В своем номере я пробыл недолго. Только-только послушать радио, верный «Грюндиг». В диапазоне FM, понятно, ничего — своей станции или ретранслятора в Джалу нет, а до Бенгази далеко, FM ловится только в прямой видимости антенны передатчика. AM — это вечером, а днём прохождение неважное. И, наконец, короткие волны. Наше всё. В диапазоне пятнадцати метров и Би-Би-Си, и «Голос Америки», и, конечно, «Московское радио». На английском языке.

Вот!

Под Черниговым разбился самолет «Ан-24», рейс «Винница — Москва». Погибли все, более пятидесяти человек. Об этом сообщали и американцы, и британцы. Московское же радио сообщило о завершении посевной в Смоленской области. Тоже новость, конечно.

И ещё — коротенько — что в Ливии начался международный шахматный турнир, а в Израиле — шахматная Олимпиада. Большего от всемирных новостей ждать не стоило. Уже то, что упомянули — достижение шахмат.

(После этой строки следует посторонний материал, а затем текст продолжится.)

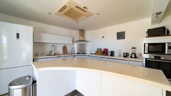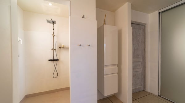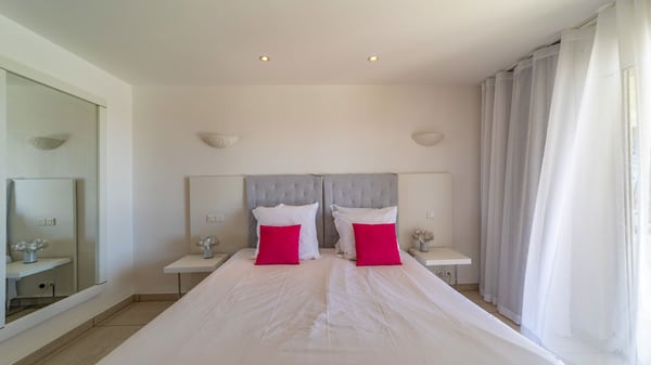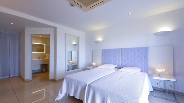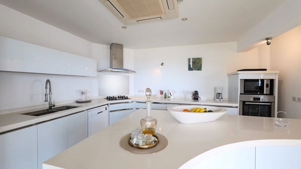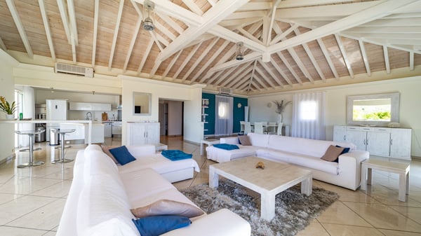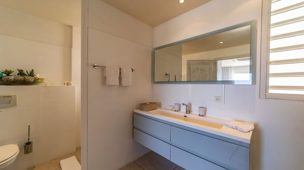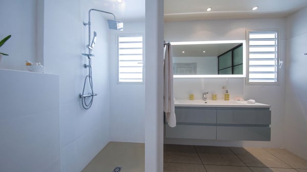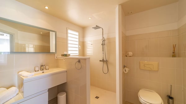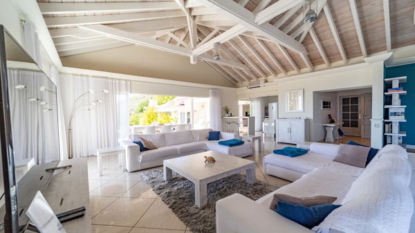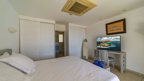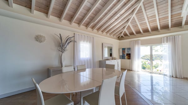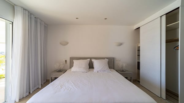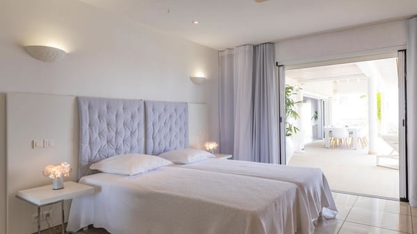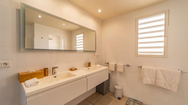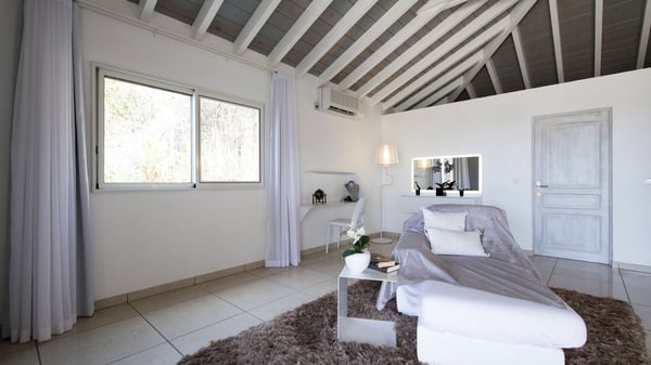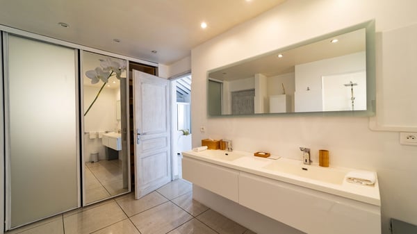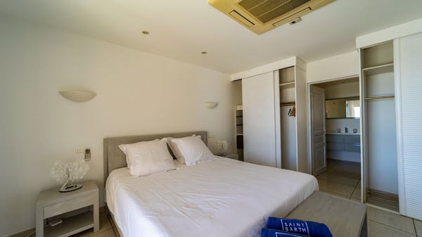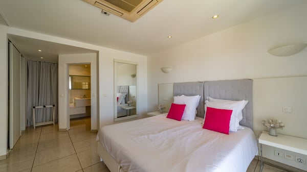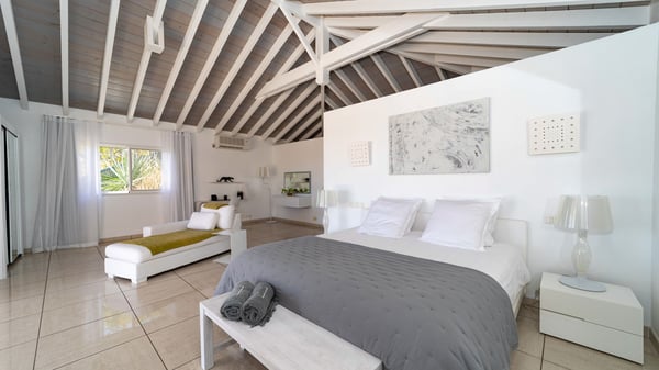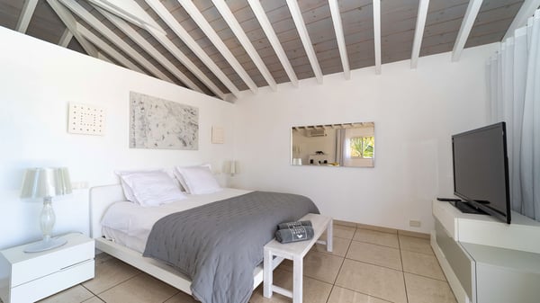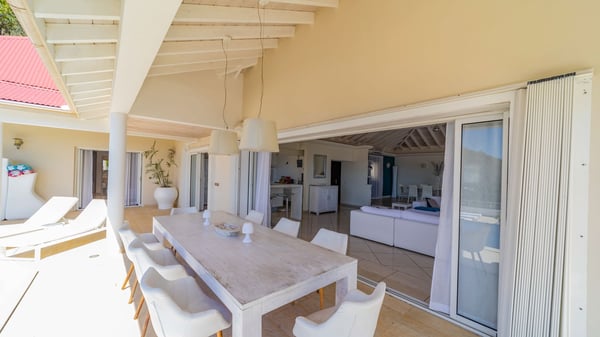 Ideally located on the heights of Gustavia, the rental villa Prestige is an exceptional property with splendid views over the harbour and yachts, the ocean, as well as the fabulous Caribbean sunsets. This three air-conditioned bedroom rental is the perfect vacation spot for a group of friends wishing to enjoy the city’s lively atmosphere while enjoying the luxury and comfort of this sumptuous vacation home in St. Barths. Villa Prestige is centrally located, allowing guests to walk in Gustavia and enjoy shops, restaurants and strolls around the harbour. Newly built and tastefully decorated in a both minimalist and elegant style, Prestige is a spacious property with a large, open and comfortable living room facing the panorama over the ocean and the harbour. White and cream-colour hints create a bright atmosphere perfect for relaxing. The indoor dining room can accommodate up to six guests around the beautiful white table for meals prepared in the lovely well-equipped kitchen. You may prefer to dine alfresco around the outdoor dining table for eight guests in the gentle island breeze, enjoying the exceptional light of St. Barths. At the front, the large terrace is furnished with a beautiful swimming pool where you’ll enjoy relaxing at any time. Sun loungers are harmoniously set up on the large deck facing the view over the harbour, the yachts and the perfect horizon. In the evening, a true light show takes place with the glowing sunsets mixed with the fairy city lights. The rental villa Prestige welcomes you in three beautiful air-conditioned bedrooms with private bathrooms and view over the harbour. Two of them feature king-size beds while the third one is equipped with twin beds. Colours are soft in a mineral palette of white and gray in soothing light. All rooms open onto the view and the large terrace, to enjoy the outdoor living spaces at any time. Only a few steps away from Shell Beach, the vacation villa Prestige is a charming property elegantly combining the lively city way of life with upscale amenities, for an unforgettable stay in St. Barts.

Я выключил приемник. Из экономии. Как здесь с батарейками, не знаю. «Кроны» хватает на пятнадцать часов, если негромко. Немецкие или американские батарейки работают подольше, но у меня только наши. В Триполи возможности купить не было. Есть парочка запасных, на обычный турнир хватило бы за глаза, но на десять недель? Придется экономить.

Быть может, катастрофа «Ан-24» мне и привиделась? Стюардессу перевели на внутренний рейс? Или у неё там летела сестра или близкая подруга?

И как её, катастрофу, я мог предотвратить? Самолеты падают. Нечасто, но регулярно. Не один, так другой. Единственное, что реально сработает — просто отказаться от полетов. Категорически и повсеместно. Но разве это выход? И я не Император Вселенной.

Я переоделся в костюм от Лисы и Пантеры. Морской, да. В пустыне он особенно к месту. Ткань прочная, немаркая, для прогулок в самый раз.

И я пошел прогуливаться.

Вместо бескозырки у меня был берет с помпоном, на французский манер. От перегрева защищает, помпон — если его смочить водой. Сам собою дошёл, собственным умом.

Городок невелик. Совсем невелик. Каборановск куда больше. Да что Каборановск, Сосновка тоже больше. Но выглядит Джалу чистенько, опрятно, светло.

Прохожих мало. Видно, без дела по солнцу ходить здесь не принято. Плюс сорок — и то в тени.

И я тоже старался идти тенистой стороной. Зашел в лавку. Продают здесь всякие нужные местным жителям товары, а на туристов нет, не рассчитано. Я достал из кармана батарейку, «крону», показал хозяину, мол, вот что мне нужно. Тот покачал головой с сожалением — нет у него, увы. Я спросил, а где бы найти, но тот опять покачал головой, не понимает. Хорошо, спросил на немецком — опять не понимает. А по-русски? И по-русски не понимает. Жаль. Хотя если бы я в Сосновке стал спрашивать продавщицу сельпо по-английски, по-немецки и по-арабски, она бы тоже не поняла. Да и нет в сельпо батареек «крона». Нет, они не большой дефицит, в Чернозёмске, в радиотоварах есть почти всегда, но вот в нашем сельпо отсутствует. Спроса нет. А батарейка «крона» товар прихотливый, свежую люблю, старую нет.



Лавка, что же ещё

Увидел длинную рубашку, в которой обыкновенно ходят здесь. Белая, хлопок. Достал долларовую банкноту, показал пальцем на рубаху, потом на доллар.

Двадцать — ответил хозяин лавки. Два раза растопырил пальцы обеих рук. Ага, ага. Пять — показал я. Пятнадцать — показал торговец. Пять, показал я. Торговец помотал головой, мол, не пойдет. Я развернулся и пошел прочь. Уже однажды торговался, опыт есть. Молнией торговец нагнал меня. Десять!

Семь — ответил я.

Сделка!

Ещё я купил куфию, красную шапочку-шашию, кожаные сандалии и местные штанишки. Гулять, так гулять.

Тоже поторговались, как без этого. Нужно же чем-то заняться. И хозяину лавки развлечение.

С обновками я вернулся в гостиницу. Кстати, названия у гостиницы нет, во всяком случае, я его, название, не знал. Нет, вывеска была, но с арабской вязью.

И так — десять недель?

Я опять выпил чашечку кофе. Чашечки здесь небольшие, на сто граммов. Чёрный кофе без сахара, но есть щербет, рахат-лукум и ещё с полдюжины сладостей. Я предпочел рахат-лукум. Чуть-чуть, граммов пять. Умеренность и аккуратность.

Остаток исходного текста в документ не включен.